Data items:

----------

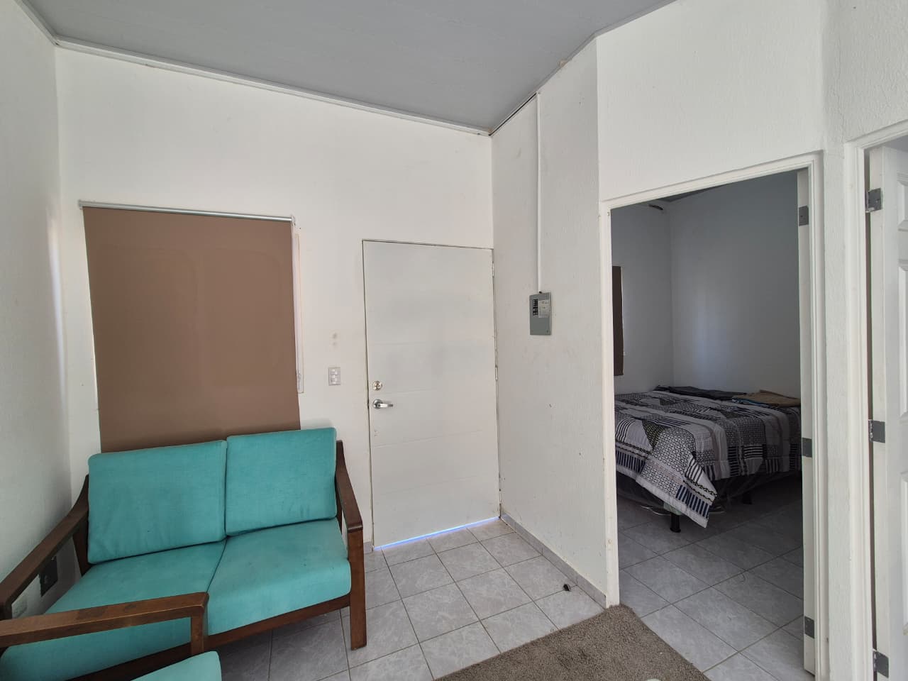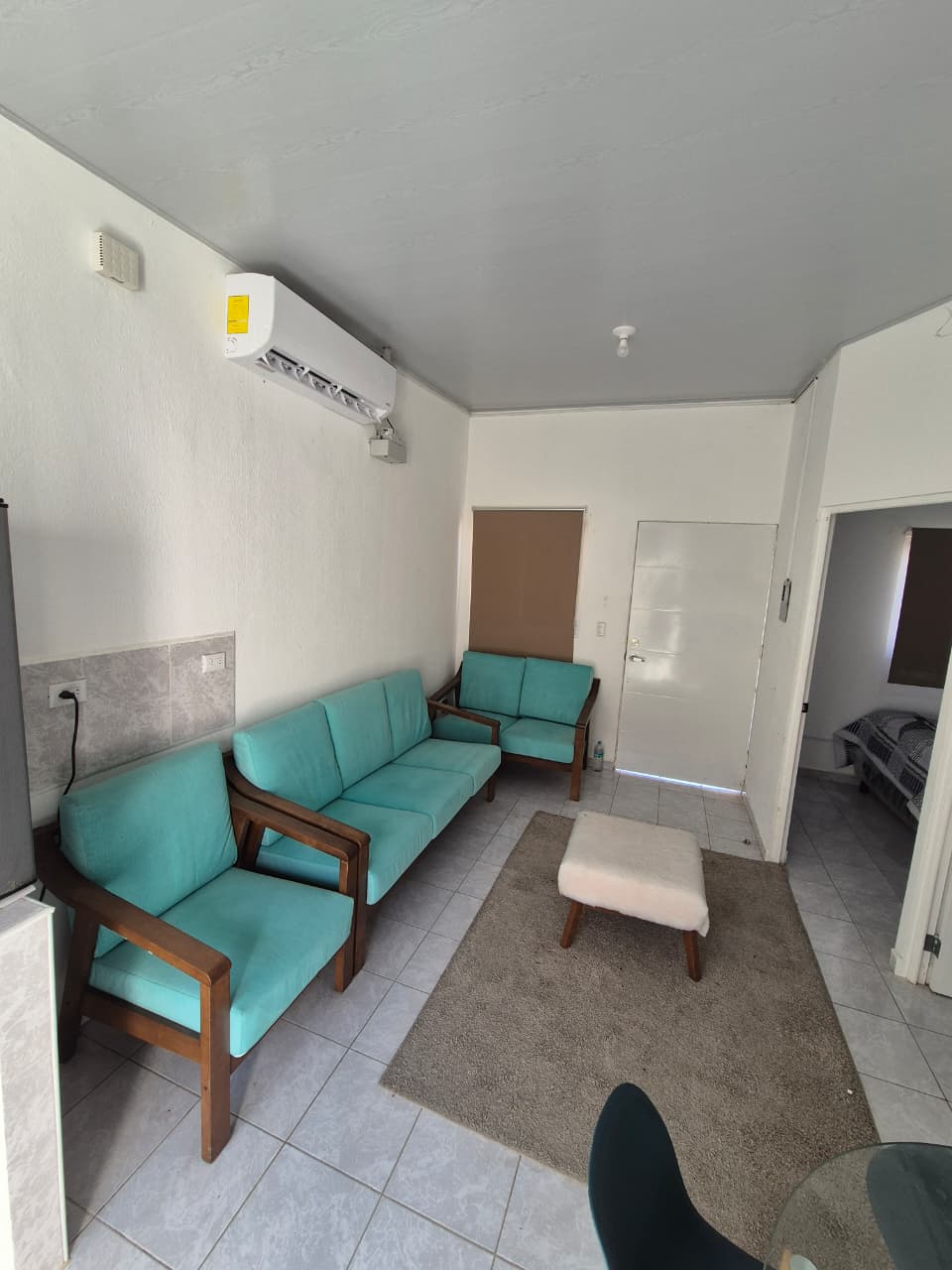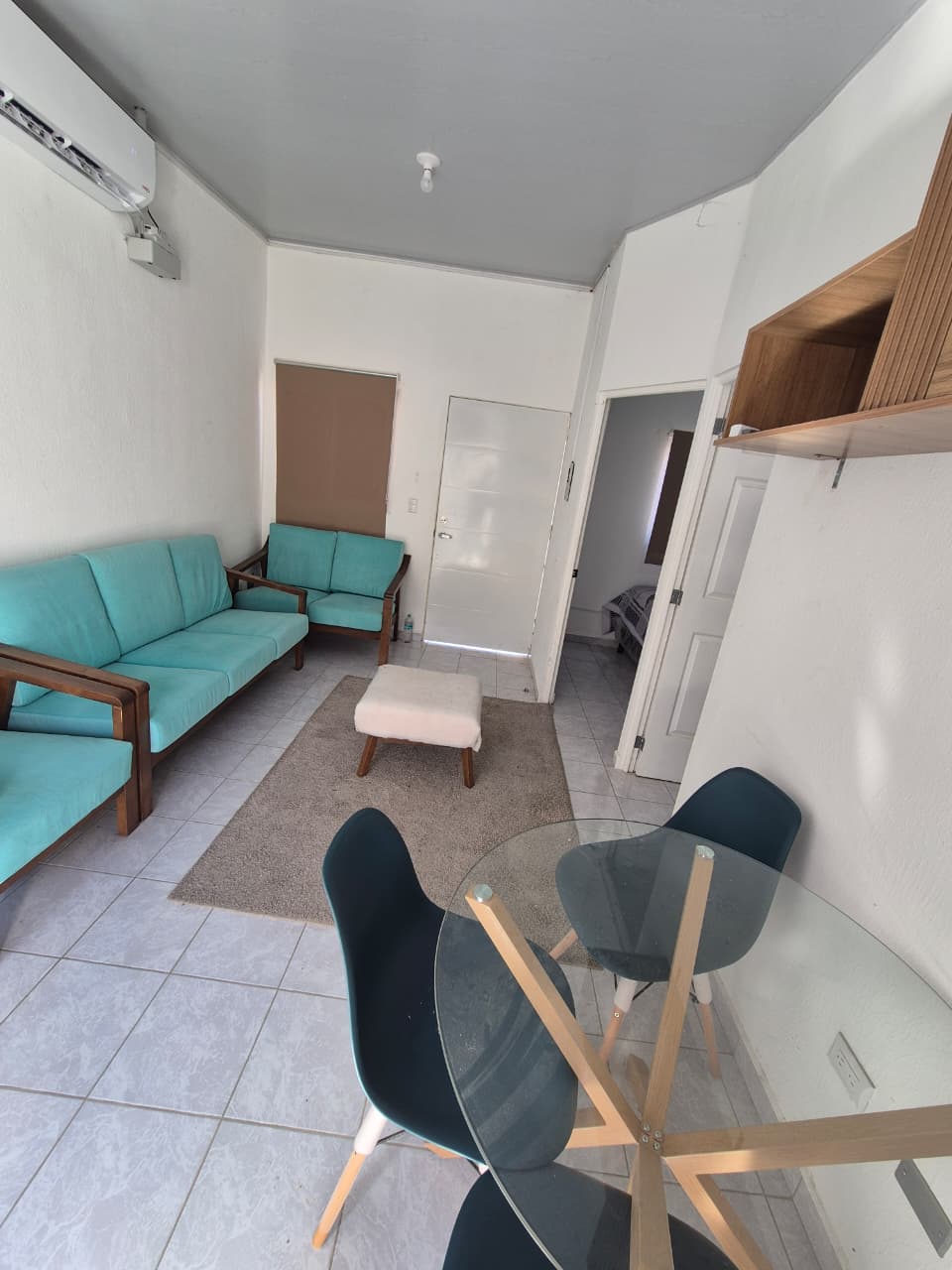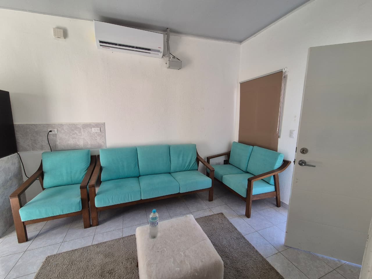 🛋️ Sala con aire acondicionado, mesa, muebles, cortinas y televisor
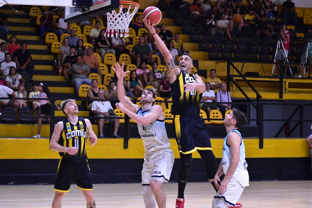 El inicio del primer cuarto tuvo un buen goleo. Pasándose bien la pelota y corriendo cuando recuperaba rápido el balón, “Comu” aprovechó la potencia de Damián Tintorelli en la pintura y el tiro externo para sacar rápidas ventajas: 15-5 en los primeros cuatro minutos.
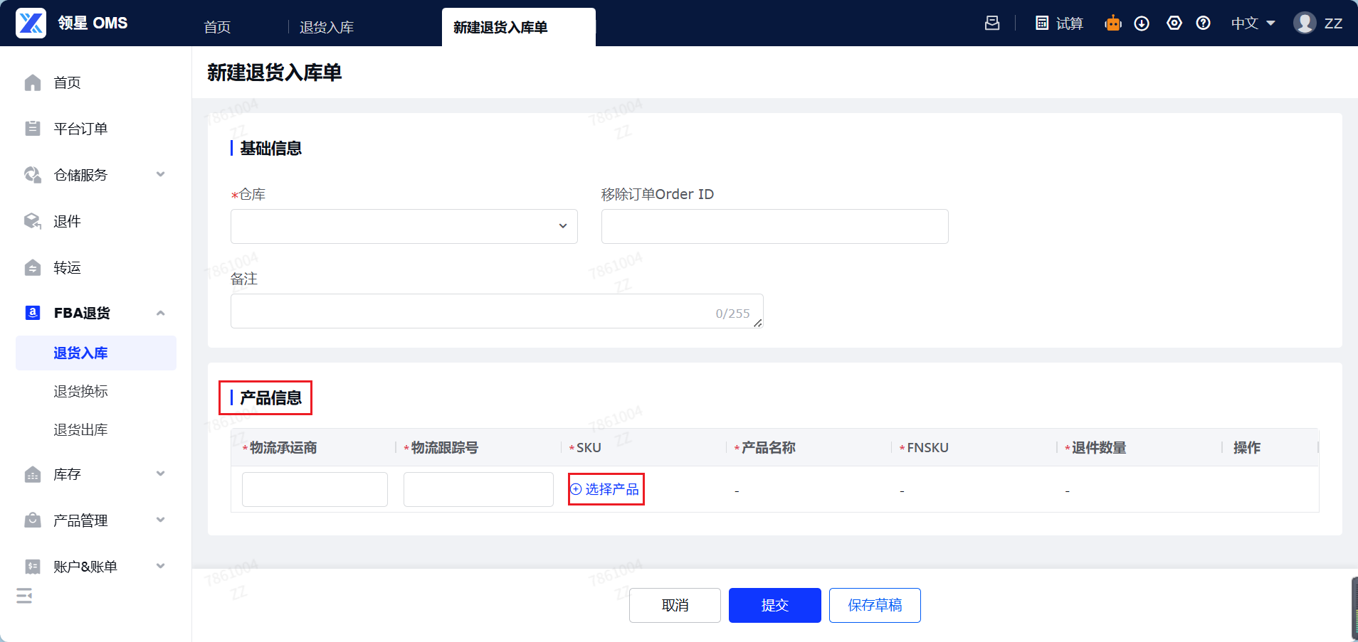 (1)进入OMS系统: 登录您的OMS管理后台,导航至FBA退货菜单。
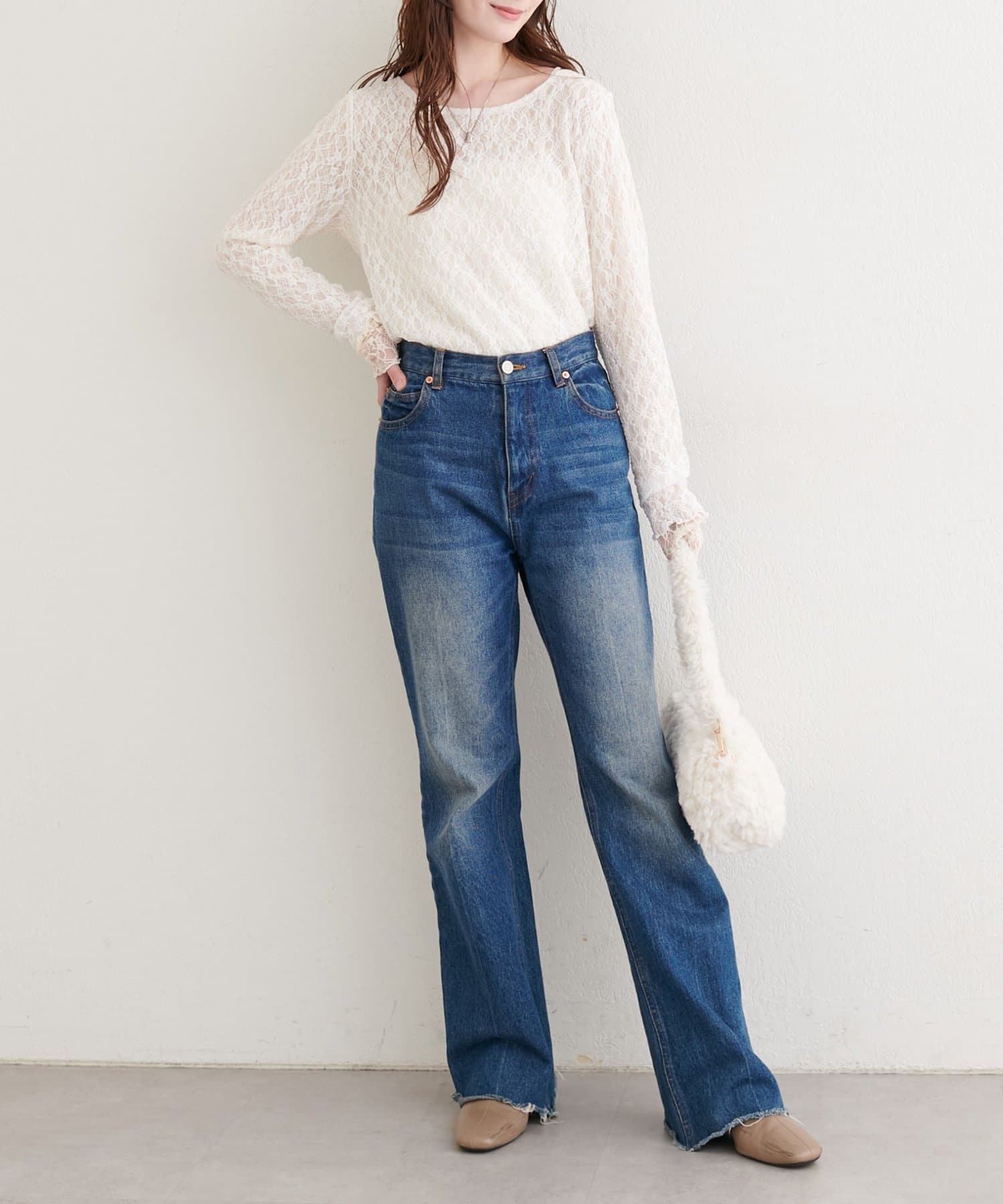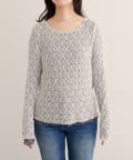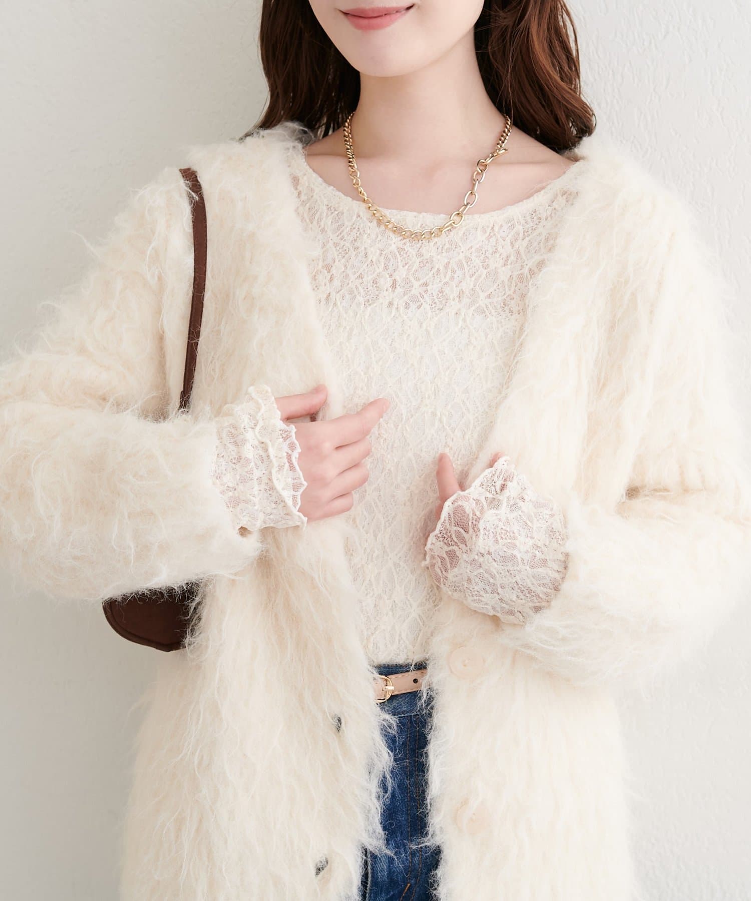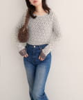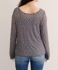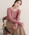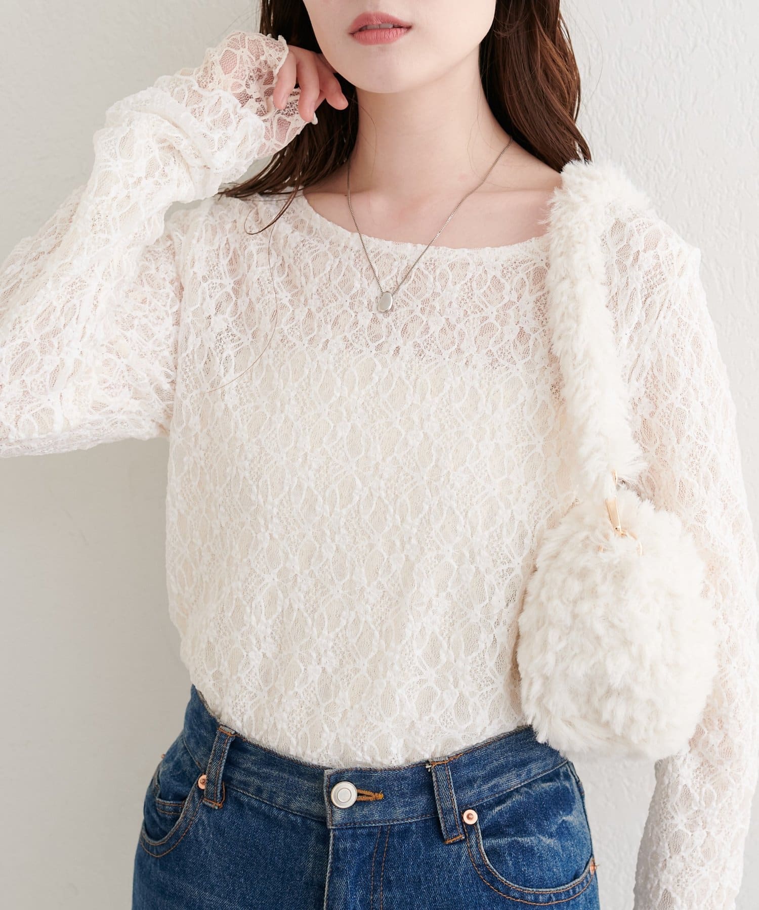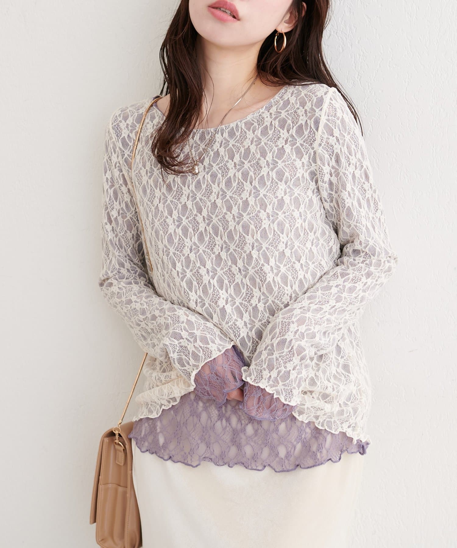 上品な肌見せが、女性らしさを引き立てます。袖口のさりげないレース使いもポイント。
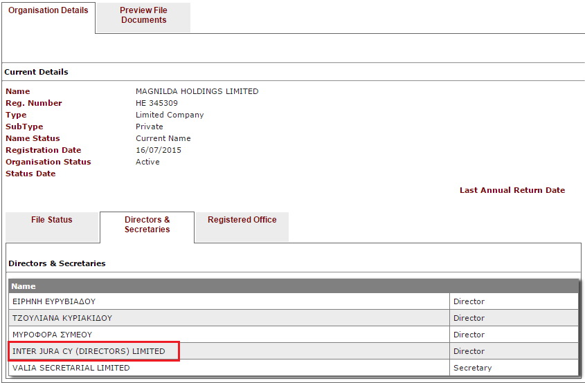 Водночас, за даними Міністерства комерції Кіпру, у Magnilda Holdings Limited є кілька директорів - найманих компаній, що виконують відповідні функції. Одна з них, Inter Jura Cy (Services) Ltd, була корпоративним директором компанії Prime Asset Partners Ltd. Останню, якщо вірити "панамським документам", було створено в інтересах президента України Петра Порошенка.
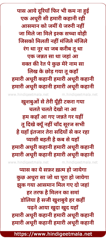 Lyrics of Hamari Adhuree Kahani (Encore) - हमारी अधूरी कहानी
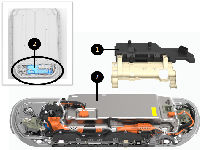 The HV battery devices are located within an accessible section of the HV battery, referred to as the Ancillary Bay, because they are more likely to require servicing when compared to the modules within the platter.
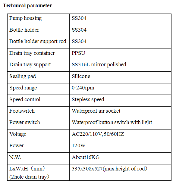 Main parts: Pump device, pump head, screen, bottle holder, drain tray, speed control and footswitch.
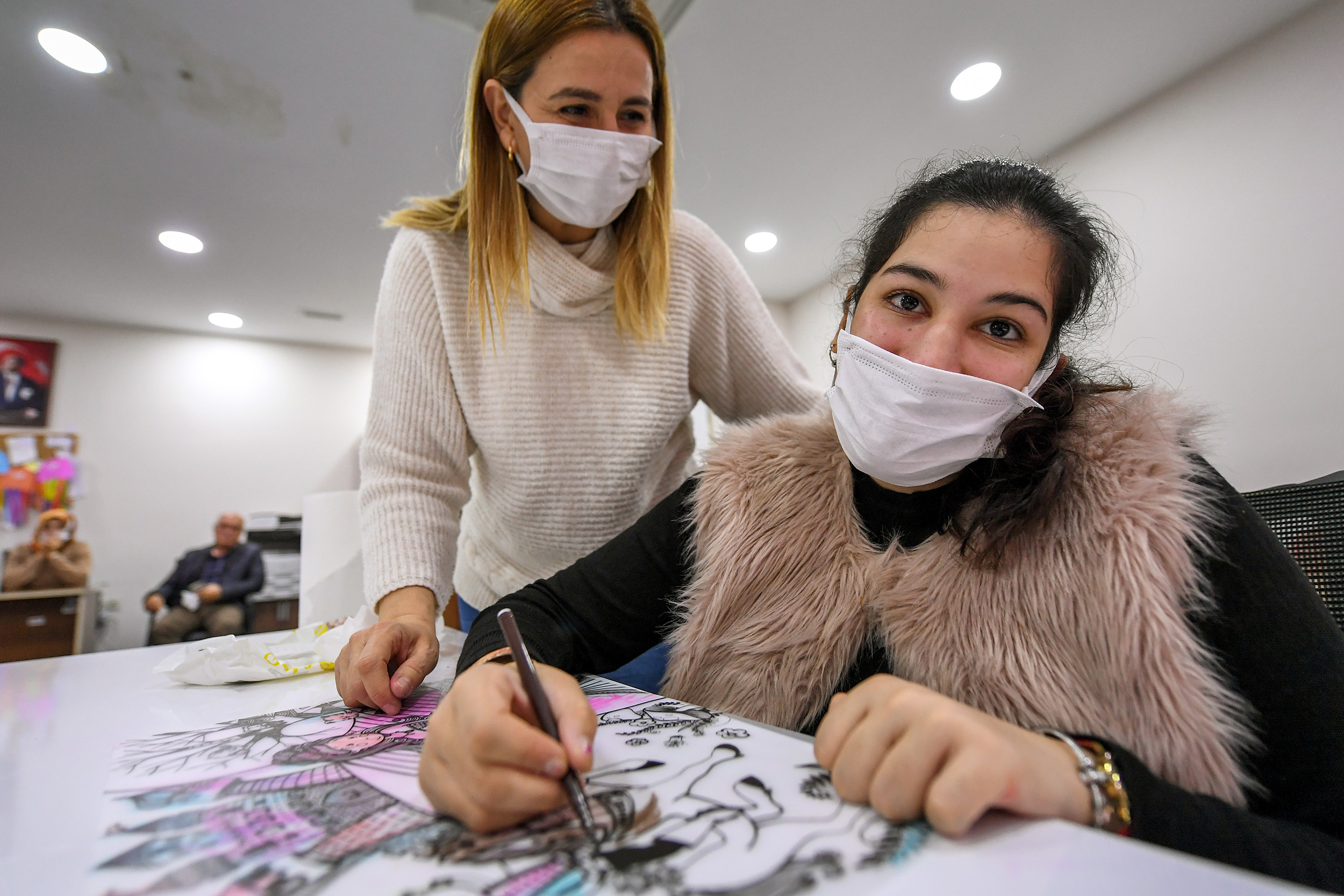 Mersin Büyükşehir Belediyesi Engelliler ve Sağlık Hizmetleri Dairesi’ne bağlı olarak 2020 yılında hayata geçirilen Mola Evi, birçok özel gereksinimli bireye olduğu gibi kas iskelet sistemi hastalığı olan serebral palsi yani beyin felci hastası 18 yaşındaki Elif Naz Kendir’e de yuva oldu. Daha 2 yıl önceye kadar annesi Fadile Kendir’e, “Ben niye arkadaşlarımla oturamıyorum? Anne benim niye arkadaşım yok?” sorularını soran Elif Naz, şimdi arkadaşlarıyla birlikte Mola Evi’nde uzman eğitmenler eşliğinde gerçekleştirilen çeşitli aktivitelere katılıyor. Kişisel el becerileri ve okuma yazma konusunda da epey yol kat eden Elif Naz’ın neşesi ailesine de nefes oldu.

----------

_Work request:_ Reproduce the lines above beginning at the line that contains "(1)进入OMS系统: 登录您的OMS管理后台,导航至FBA退货菜单。" and ending at the line that contains "Lyrics of Hamari". No pictures.

_Expected answer:_
 (1)进入OMS系统: 登录您的OMS管理后台,导航至FBA退货菜单。
 上品な肌見せが、女性らしさを引き立てます。袖口のさりげないレース使いもポイント。
 Водночас, за даними Міністерства комерції Кіпру, у Magnilda Holdings Limited є кілька директорів - найманих компаній, що виконують відповідні функції. Одна з них, Inter Jura Cy (Services) Ltd, була корпоративним директором компанії Prime Asset Partners Ltd. Останню, якщо вірити "панамським документам", було створено в інтересах президента України Петра Порошенка.
 Lyrics of Hamari Adhuree Kahani (Encore) - हमारी अधूरी कहानी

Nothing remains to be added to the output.